Here, we send the request off to our wit app, then take the output and map it to an simplified model that we can send to the Voicify app.

So all-in-all the flow of data/logic is:

User signs in
User goes to microphone page
User taps "start"
User speaks
Android STT service listens and processes text
Android STT service takes output text and sends to wit for alignment
Android STT takes aligned NL and sends it to Voicify
Voicify processes the aligned NL against the built app
Voicify sends request to SuaveKeys API webhook
SuaveKeys API sends websocket request to any connected client (UWP app)
UWP app takes request and sends it to Arduino
Arduino sends USB data for keyboard input
BOOM HEADSHOT (or whatever other action should happen in the game)

Challenges I ran into

The biggest challenges are performance from request to game, and testing while also talking to my chat on stream!
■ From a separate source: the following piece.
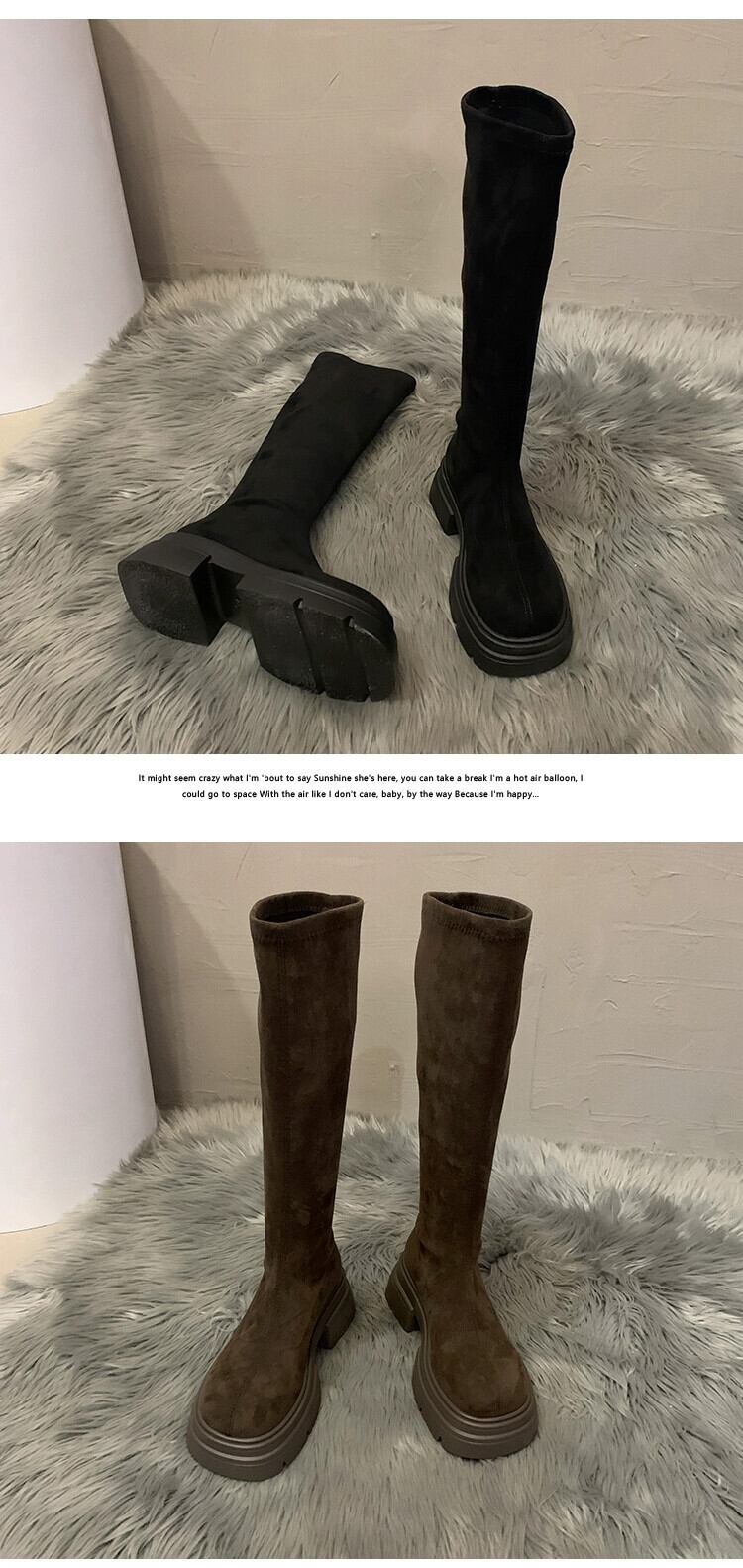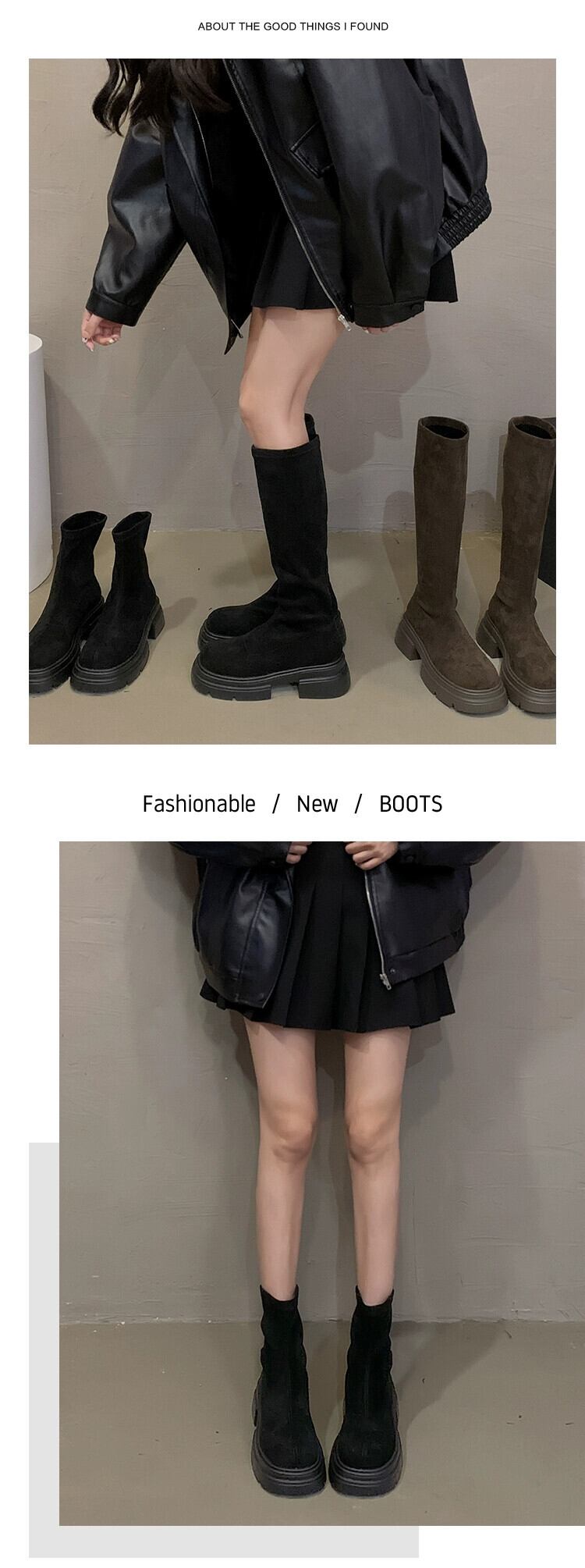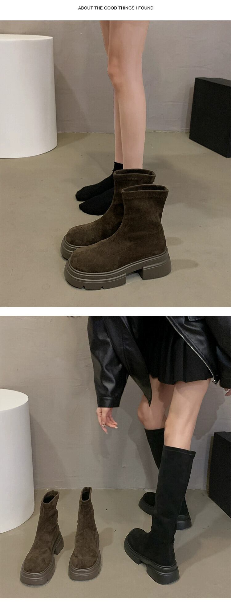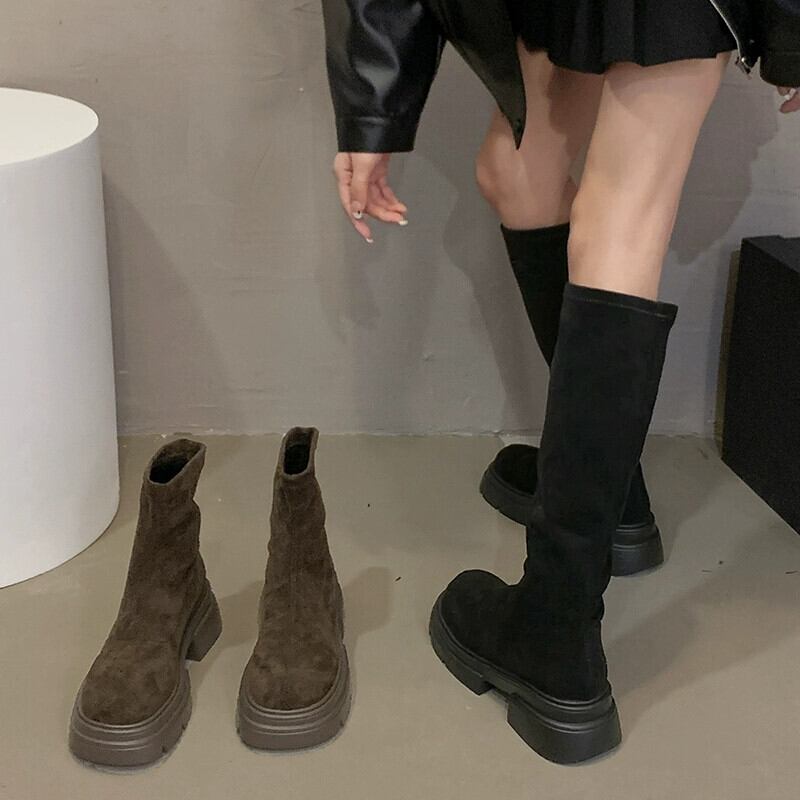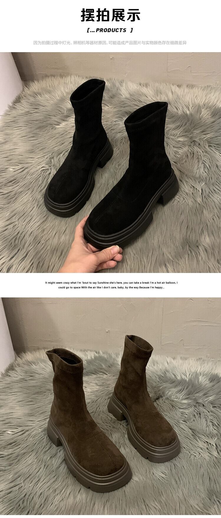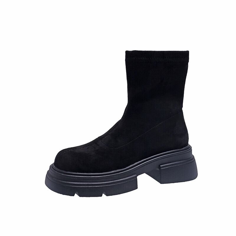 Jia Bujia 女性の弾性ブーツ 2023 秋の新レトロスタイルフレンチファッション気質太いヒールショートブーツ 靴 シューズ エラスティック 伸縮 オータム 秋物 jxjxf81706008812

Since the whole thing was built live on my twitch channel, I'm always talking to chat about my thought process, what I'm doing, and answering questions. So trying to keep that interactivity while also testing something that requires me to speak to it can be messy. This led to a TON of weird utterances added in my wit app to either ignore or align which just made more work, but outside of that, everything was pretty straight forward.

For example:

lots of utterances

With regards to performance, I'm exploring a couple things including:

Balancing the process timing while speaking
Running intermittent spoken word against wit to see if it is valid ahead of time

Accomplishments that I'm proud of

The biggest accomplishment was being able to see it in use! I was able to play games like Call of Duty, Sekiro, and Fall Guys using my voice! It feels like it's closer to a real option for people with disabilities to play competitive, fast paced, and difficult games with as much ease as able-bodied people do and really level the playing field.

What I learned

The biggest learning moment was honestly how easy it was to integrate wit.ai - I had already created a basic language model via Voicify to use on the other supported platforms like Alexa and Dialogflow. Getting that working in wit was unbelievably easy. So many NLU tools overcomplicate the tooling and creation, but I was shocked that I was able to just spin up a wit app, add and align utterances, and just get going.